■ Exercise aim: All lines below must be repeated exactly, with the pictures omitted.

■ The data:
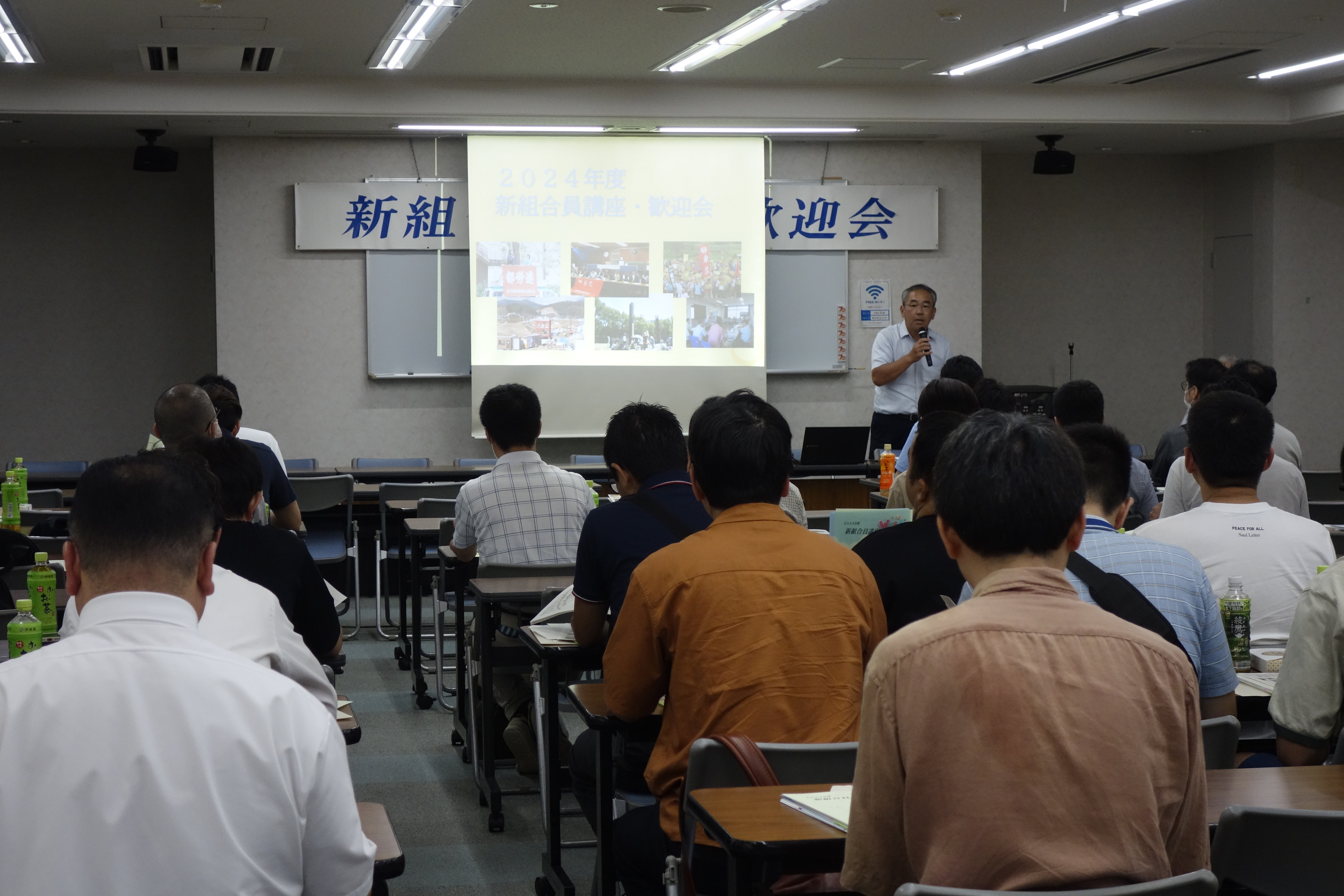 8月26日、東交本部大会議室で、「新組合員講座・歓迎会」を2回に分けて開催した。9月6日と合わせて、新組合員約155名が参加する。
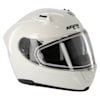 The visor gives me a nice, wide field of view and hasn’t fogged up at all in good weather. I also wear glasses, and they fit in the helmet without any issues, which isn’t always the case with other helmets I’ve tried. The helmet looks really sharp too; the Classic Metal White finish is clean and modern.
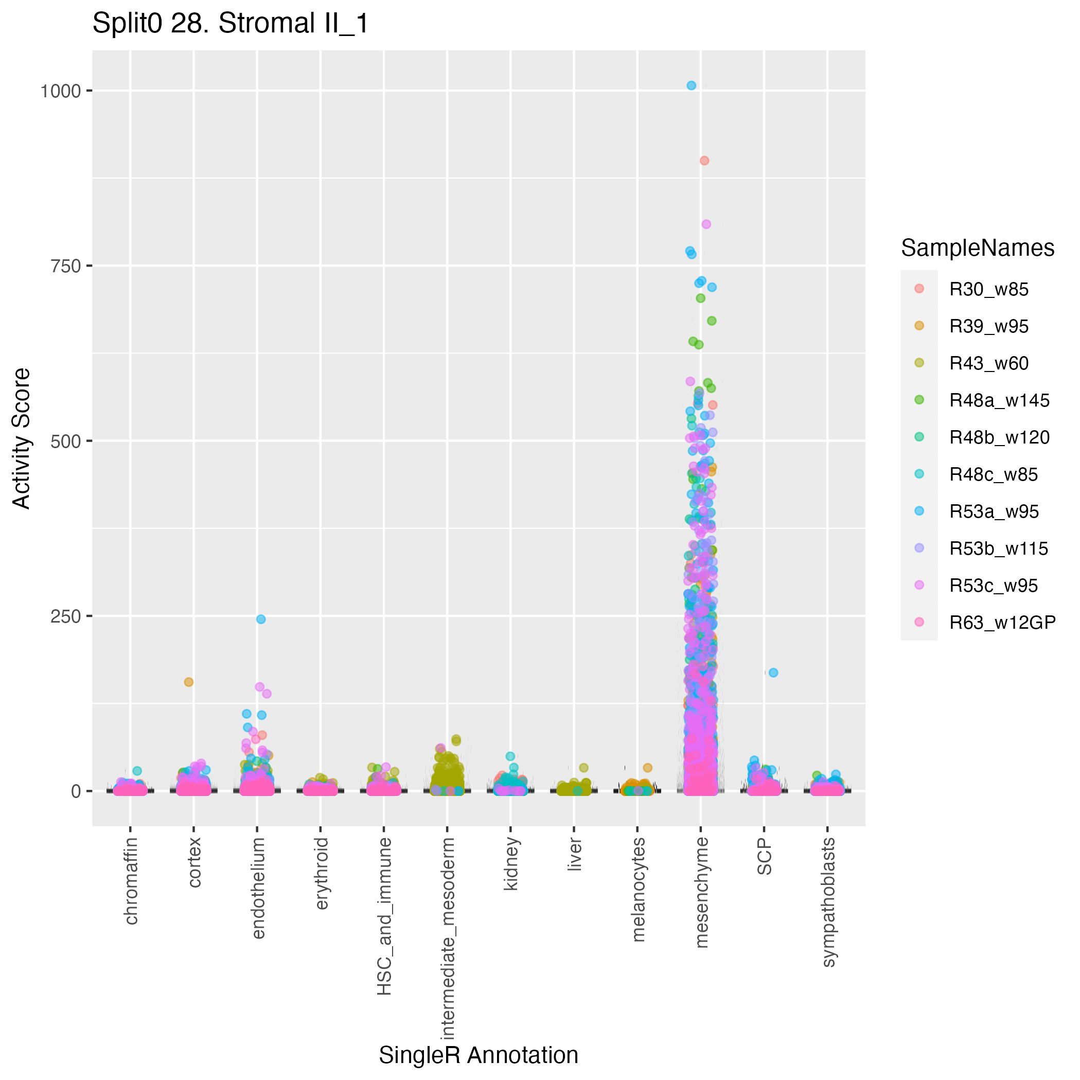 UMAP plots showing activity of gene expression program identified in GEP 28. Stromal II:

■ Output below:
 8月26日、東交本部大会議室で、「新組合員講座・歓迎会」を2回に分けて開催した。9月6日と合わせて、新組合員約155名が参加する。
 The visor gives me a nice, wide field of view and hasn’t fogged up at all in good weather. I also wear glasses, and they fit in the helmet without any issues, which isn’t always the case with other helmets I’ve tried. The helmet looks really sharp too; the Classic Metal White finish is clean and modern.
 UMAP plots showing activity of gene expression program identified in GEP 28. Stromal II:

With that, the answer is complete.